# [What the exercise asks]
Transcribe the lines below exactly. No image belongs in the transcription.

# [Input data]
════════════════

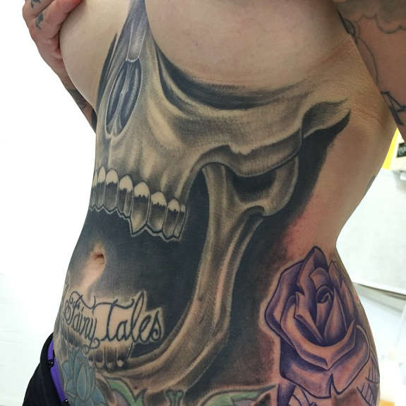 Cyril from Art Corps Tattoo. Sublime stomach tattoo piece of a women.
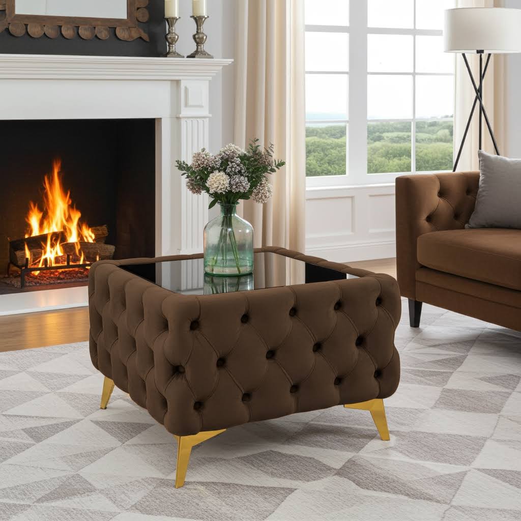 Chester Lux Square Brown Coffee Table 63x63x45cm Velvet with Glass
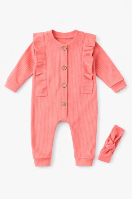 Acest produs Salopeta bebe fetite bumbac rib roz coral cu nasturi si bentita set este model TRAM0039
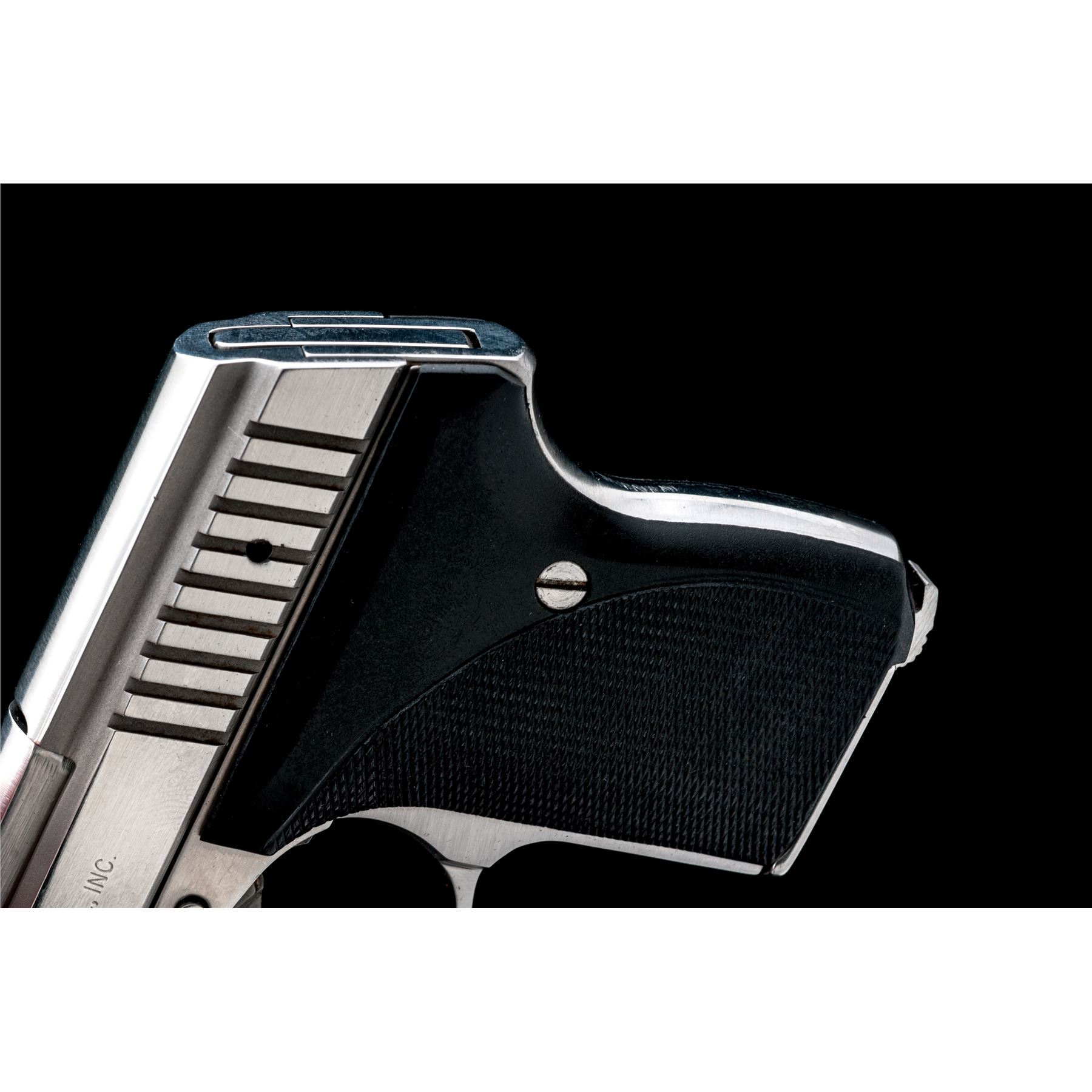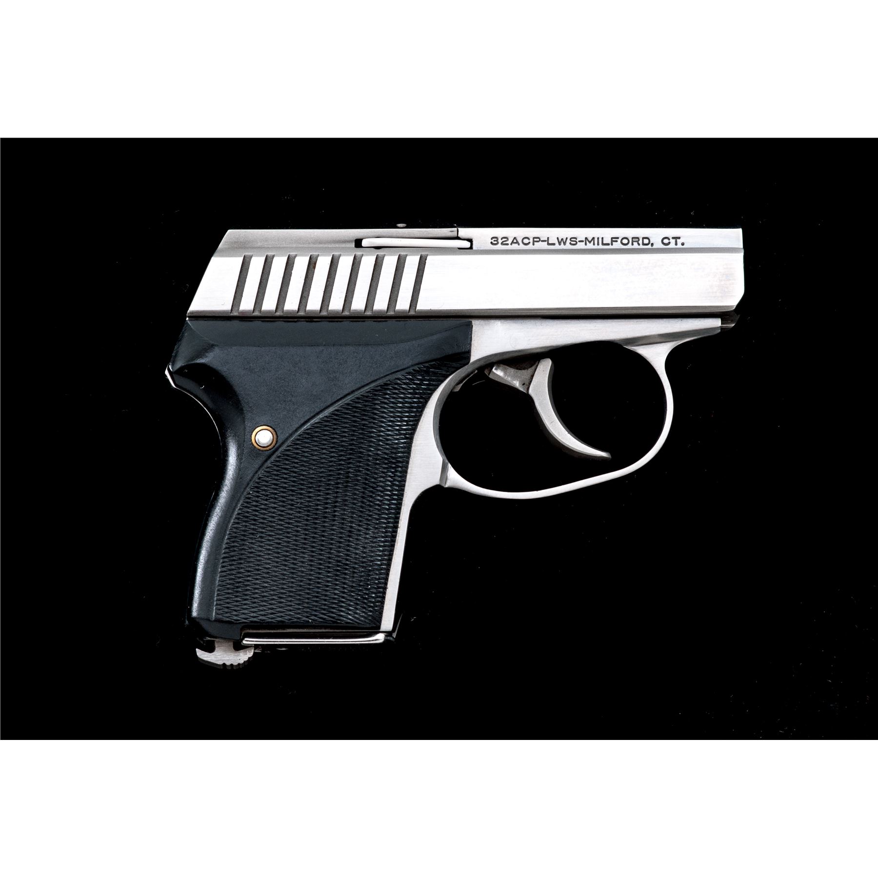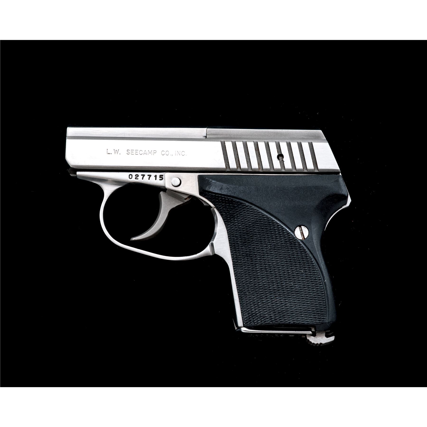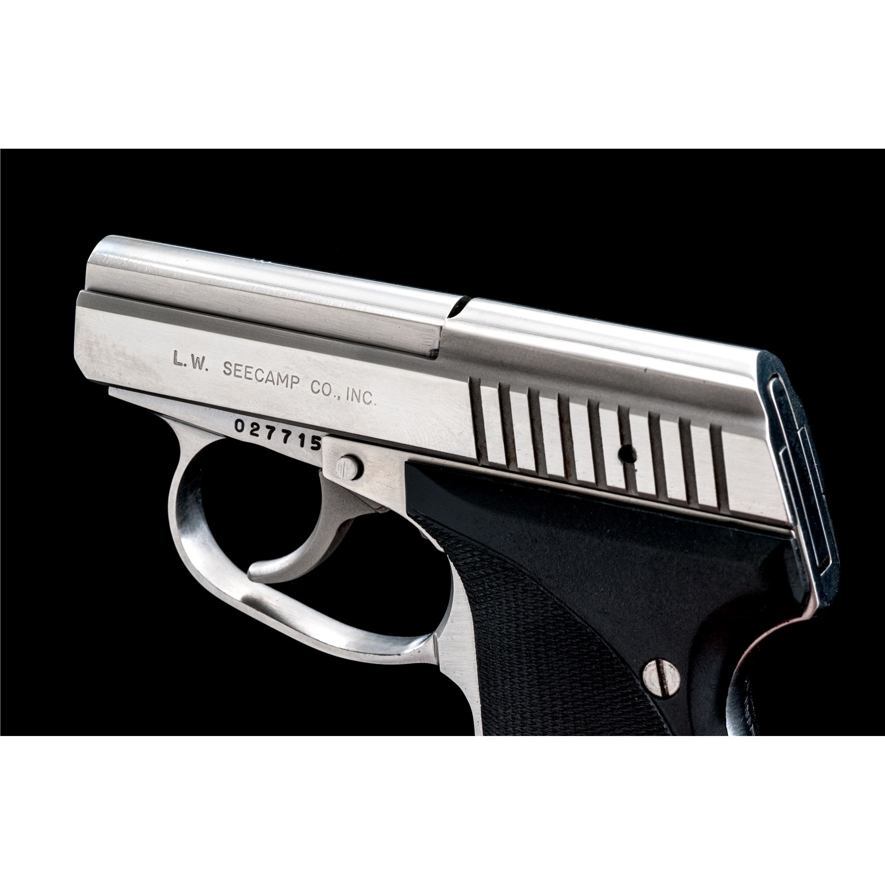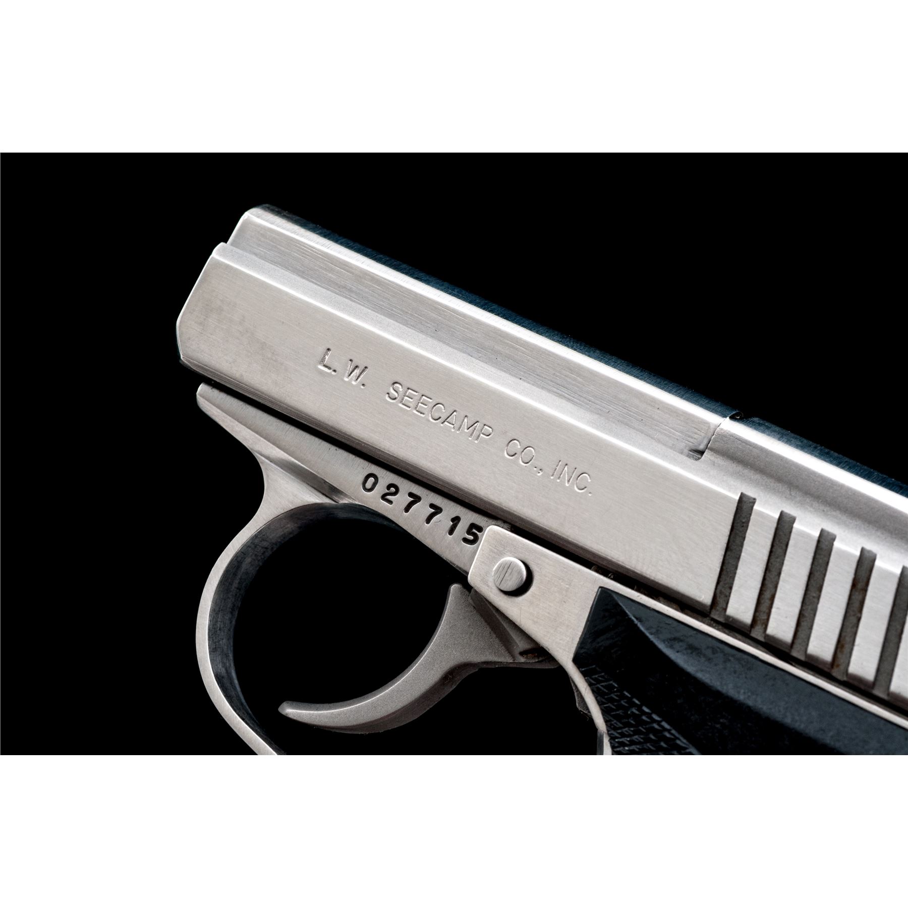 L.W. Seecamp Co. Model LWS32 Semi-Automatic Pistol, #027715, .32 ACP cal., double action only, 2.06'' barrel, stainless steel, no sights, checkered black plastic grips, with one factory magazine.  Metal rates as  near excellent with some fine micro-scratching on front half of slide.  Grips are excellent with only a few insignificant handling marks.  Smooth action, excellent bore.  Est.:  $300-$400. (Modern/PPT)

════════════════

# [Task answer]
 Cyril from Art Corps Tattoo. Sublime stomach tattoo piece of a women.
 Chester Lux Square Brown Coffee Table 63x63x45cm Velvet with Glass
 Acest produs Salopeta bebe fetite bumbac rib roz coral cu nasturi si bentita set este model TRAM0039
 L.W. Seecamp Co. Model LWS32 Semi-Automatic Pistol, #027715, .32 ACP cal., double action only, 2.06'' barrel, stainless steel, no sights, checkered black plastic grips, with one factory magazine.  Metal rates as  near excellent with some fine micro-scratching on front half of slide.  Grips are excellent with only a few insignificant handling marks.  Smooth action, excellent bore.  Est.:  $300-$400. (Modern/PPT)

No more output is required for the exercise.